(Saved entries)

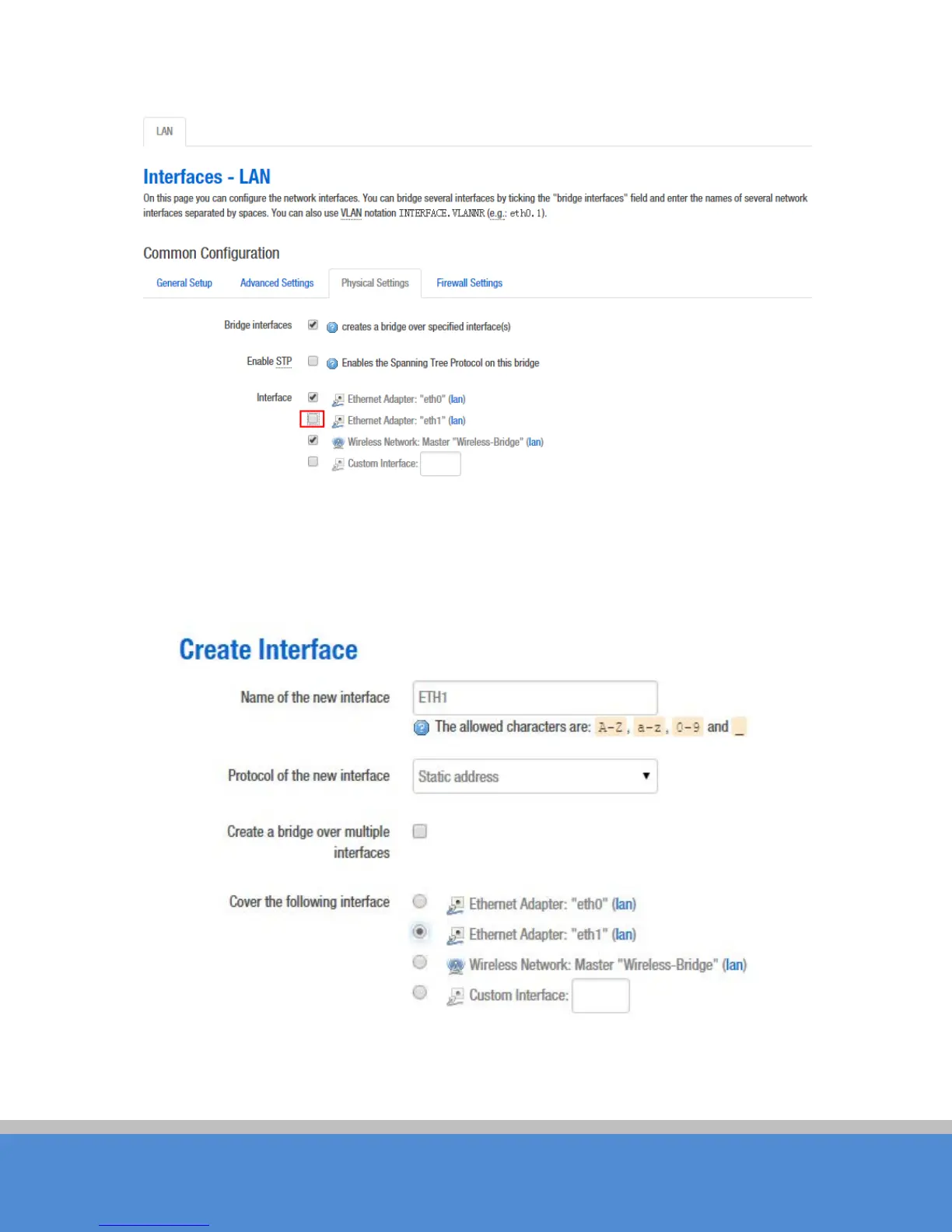 Click the "Add new interface" of the Interfaces page, and fill in the name of the new
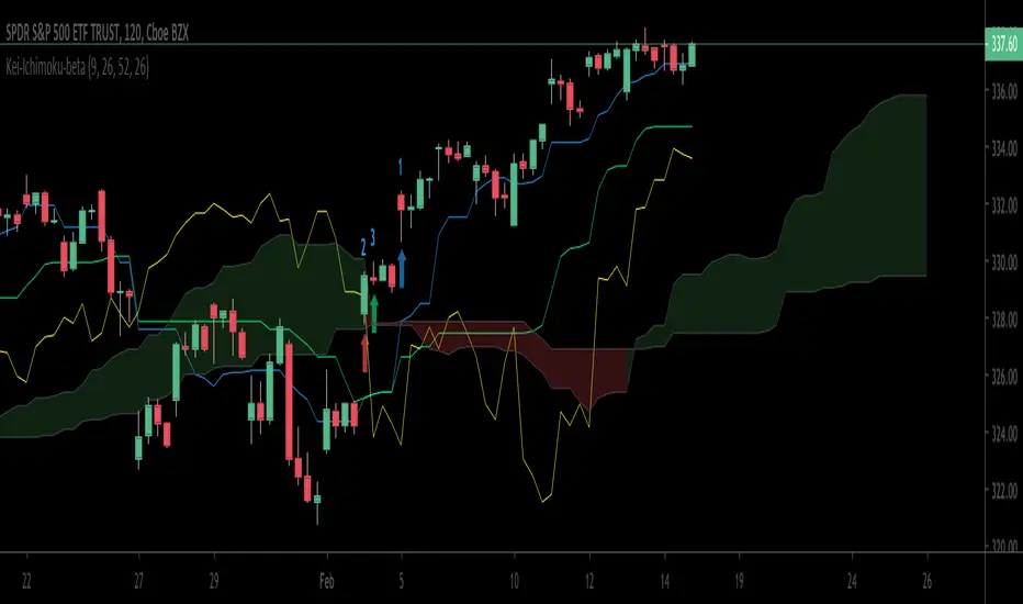 This is a test version of Ichimoku, instead of plot chiko span backward 26 bars, it draws price at 26 bars backward at the current bar.
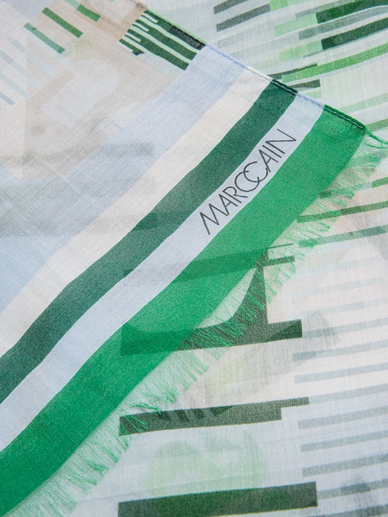 Der länglich geschnittene Schal aus zarter Baumwoll-Seide begeistert mit stilisiertem, mehrfarbigem Print und feinen Fransen an den kurzen Seiten. Das leichte, angenehm weiche Material macht ihn zum perfekten Accessoire für jede Saison.
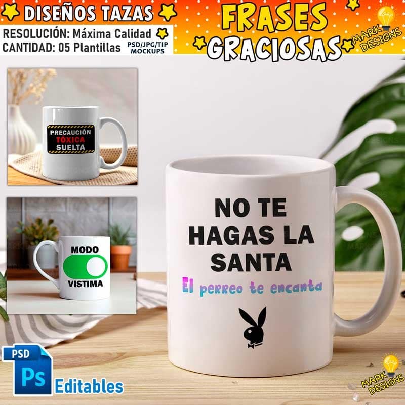 Frases Graciosas Tazas Diseños Editables, ideal para sublimar tus tazas, listas para imprimir y sublimar.
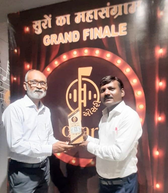 (પ્રતિનિધિ દ્વારા, ઓલપાડ ) :  સુરત શહેરનાં પાલ-અડાજણનાં ગૌરવપથ સ્થિત ઓસરી સ્ટુડિયો ખાતે સૂર પ્રીમિયર લીગ સીઝન-3 અંતર્ગત ‘સૂરો કા મહાસંગ્રામ’ નામક કાર્યક્રમ યોજવામાં આવ્યો હતો. જેમાં ઓલપાડ તાલુકાની જિલ્લા પંચાયત શિક્ષણ સમિતિ સંચાલિત વડોલી પ્રાથમિક શાળામાં ઉપશિક્ષક તરીકે ફરજ બજાવતાં ભરત સોલંકીએ સહર્ષ ભાગ લીધો હતો. અત્રે તેમણે બેસ્ટ પર્ફોમન્સ રજૂ કરી ‘સિંગર ઓફ ધ મેચ’ નો ખિતાબ હાંસલ કર્યો હતો. આ પ્રસંગે તેમને ઓસરી સ્ટુડિયોનાં સંજય પટેલનાં હસ્તે ટ્રોફી તથા પ્રમાણપત્ર એનાયત કરવામાં આવ્યા હતાં.

» **WHAT YOU ARE ASKED TO DO**:
Each entry above should be written out again exactly, without its pictures.

» **WRITTEN SOLUTION**:
 Click the "Add new interface" of the Interfaces page, and fill in the name of the new
 This is a test version of Ichimoku, instead of plot chiko span backward 26 bars, it draws price at 26 bars backward at the current bar.
 Der länglich geschnittene Schal aus zarter Baumwoll-Seide begeistert mit stilisiertem, mehrfarbigem Print und feinen Fransen an den kurzen Seiten. Das leichte, angenehm weiche Material macht ihn zum perfekten Accessoire für jede Saison.
 Frases Graciosas Tazas Diseños Editables, ideal para sublimar tus tazas, listas para imprimir y sublimar.
 (પ્રતિનિધિ દ્વારા, ઓલપાડ ) :  સુરત શહેરનાં પાલ-અડાજણનાં ગૌરવપથ સ્થિત ઓસરી સ્ટુડિયો ખાતે સૂર પ્રીમિયર લીગ સીઝન-3 અંતર્ગત ‘સૂરો કા મહાસંગ્રામ’ નામક કાર્યક્રમ યોજવામાં આવ્યો હતો. જેમાં ઓલપાડ તાલુકાની જિલ્લા પંચાયત શિક્ષણ સમિતિ સંચાલિત વડોલી પ્રાથમિક શાળામાં ઉપશિક્ષક તરીકે ફરજ બજાવતાં ભરત સોલંકીએ સહર્ષ ભાગ લીધો હતો. અત્રે તેમણે બેસ્ટ પર્ફોમન્સ રજૂ કરી ‘સિંગર ઓફ ધ મેચ’ નો ખિતાબ હાંસલ કર્યો હતો. આ પ્રસંગે તેમને ઓસરી સ્ટુડિયોનાં સંજય પટેલનાં હસ્તે ટ્રોફી તથા પ્રમાણપત્ર એનાયત કરવામાં આવ્યા હતાં.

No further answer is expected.